Heart beats from an electrocardiogram were recorded for 10 min to determine HRV. The SphygmoCor Vx device takes into account the normal heart beats, ignoring ectopic beats, to derive the normal R-R intervals (N-N intervals) of the electrocardiogram and estimates several time-domain HRV indices. Both time- and frequency-domain HRV parameters are derived. Time domains include 1) the SD of the N-N intervals (SDNN), 2) the root mean square differences of successive N-N intervals (RMSSD), and 3) the percentage of adjacent N-N intervals with a difference >50 ms (PNN50). Frequency domains are calculated using fast Fourier analysis, which separates the heart rate spectrum into various components, including 1) normalized high frequency (HF) power, 2) normalized low frequency (LF) power, and 3) their ratio (LF:HF ratio). SDNN is a measure of overall HRV. RMSSD and PNN50 represent the parasympathetic component of the HRV; thus, parasympathetic loss is quantified by the reduction in RMSSD and HF power (30). HF and LF power have traditionally been thought to represent parasympathetic and sympathetic components of HRV, respectively (31). More recent literature has suggested that this view is overly simplistic, as LF and HF may be influenced by respiratory sinus arrhythmia, position, movement, and other vagal components (32). For all HRV measures (except LF:HF ratio), a lower value indicates worse HRV. Arterial stiffness and HRV measurements were attempted in all participants. All data were checked for clinical and statistical outliers. Of the participants studied, 140 had arterial stiffness measurements only, 37 had HRV measurements only, and 1,019 had both arterial stiffness and HRV measurements.

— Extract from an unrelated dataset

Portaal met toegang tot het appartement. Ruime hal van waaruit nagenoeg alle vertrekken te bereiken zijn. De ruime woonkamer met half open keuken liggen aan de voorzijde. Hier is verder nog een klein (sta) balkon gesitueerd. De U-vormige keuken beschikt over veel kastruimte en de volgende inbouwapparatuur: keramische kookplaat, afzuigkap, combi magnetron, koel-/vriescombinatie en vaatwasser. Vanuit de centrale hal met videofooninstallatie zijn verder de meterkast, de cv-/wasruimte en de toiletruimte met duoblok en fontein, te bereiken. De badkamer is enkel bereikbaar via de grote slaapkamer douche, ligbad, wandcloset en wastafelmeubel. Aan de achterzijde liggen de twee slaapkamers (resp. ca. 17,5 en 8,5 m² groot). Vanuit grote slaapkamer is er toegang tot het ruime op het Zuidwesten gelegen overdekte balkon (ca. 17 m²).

Summary statistics were calculated using means and SDs, median and interquartile ranges, or counts and percentages. Comparisons of diabetes types (type 1 vs. type 2) were done using t tests, Kruskal-Wallis tests, or χ² tests, depending on the distribution, with P < 0.05 indicating a significant difference between groups.

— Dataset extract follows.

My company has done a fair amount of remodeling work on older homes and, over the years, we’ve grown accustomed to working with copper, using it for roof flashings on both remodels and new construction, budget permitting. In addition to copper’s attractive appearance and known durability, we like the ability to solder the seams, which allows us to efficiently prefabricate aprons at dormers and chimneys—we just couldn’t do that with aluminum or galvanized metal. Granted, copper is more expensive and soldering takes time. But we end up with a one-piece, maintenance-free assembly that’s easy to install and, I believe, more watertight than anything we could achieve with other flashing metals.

Multivariable linear regression models were used to determine whether diabetes type was associated with the arterial stiffness or HRV at follow-up assessment. Clinical considerations were used to identify the candidate variables, and then, through backward selection, variables that did not have an association with the outcome were removed. Diabetes type and study site were forced into the model since diabetes type was the comparison of interest and study site can account for variability in many unmeasurable attributes. Models included diabetes type, age, race and ethnicity, sex, and arterial stiffness or HRV value from the first assessment; physical activity (no: at least 10 min of exercise 0–2 days/week, yes: 3–7 days/week), healthy eating index, smoking status, use of hypertension medications, use of lipid medications, and diabetes duration at the follow-up assessment, study site; and time-weighted values for MAP, LDL cholesterol (LDL-C), HbA_1c, log triglycerides, and waist circumference. Time-weighted values for BP (MAP), LDL-C, HbA_1c, log triglycerides, and waist circumference were created using all available data from participants, including data that may have preceded the initial arterial stiffness and HRV measurements, to assess burden of the risk factors. C-reactive protein (CRP) from the follow-up visit was also included in all models, as CRP was not available at the initial assessment. Height was added in the model for AIx, and heart rate was added in the models for all stiffness measures.

All data and materials are available upon request.

Demographic and metabolic characteristics of the cohort (949 participants with type 1 diabetes, 210 with type 2 diabetes) who had initial and follow-up arterial stiffness assessments are presented in Table 1. At the first arterial stiffness assessment, both groups had a mean duration of diabetes of ∼8 years. Individuals with type 2 diabetes were older (22 vs. 17 years) and more likely to be female (71% vs. 55%) and identify with racial or ethnic minority populations (76% vs, 40%, all P < 0.0001). Those with type 2 diabetes had a higher mean BMI (35.9 vs. 23.6 kg/m²), BP (119/76 vs. 106/68 mmHg), and worse lipid levels than those with type 1 diabetes (all P < 0.0001). In addition, participants with type 2 diabetes reported more use of antihypertension (23.9% vs. 6.1%) and lipid-lowering (9.6% vs. 3.3%) medications than those with type 1 diabetes (all P < 0.0001).

At follow-up (arterial stiffness and HRV assessment 4.6 ± 1.1 years later), participants with type 2 diabetes continued to have higher BMI and BP, worse dyslipidemia (Table 1), and greater use of antihypertension (17.7% vs. 9.5%) and lipid-lowering (9.8% vs. 4.6%) medications than those with type 1 diabetes (all P < 0.01). CRP and HbA_1c were also higher in those with type 2 diabetes versus type 1 diabetes (9.6 vs. 9.1%, P = 0.0021).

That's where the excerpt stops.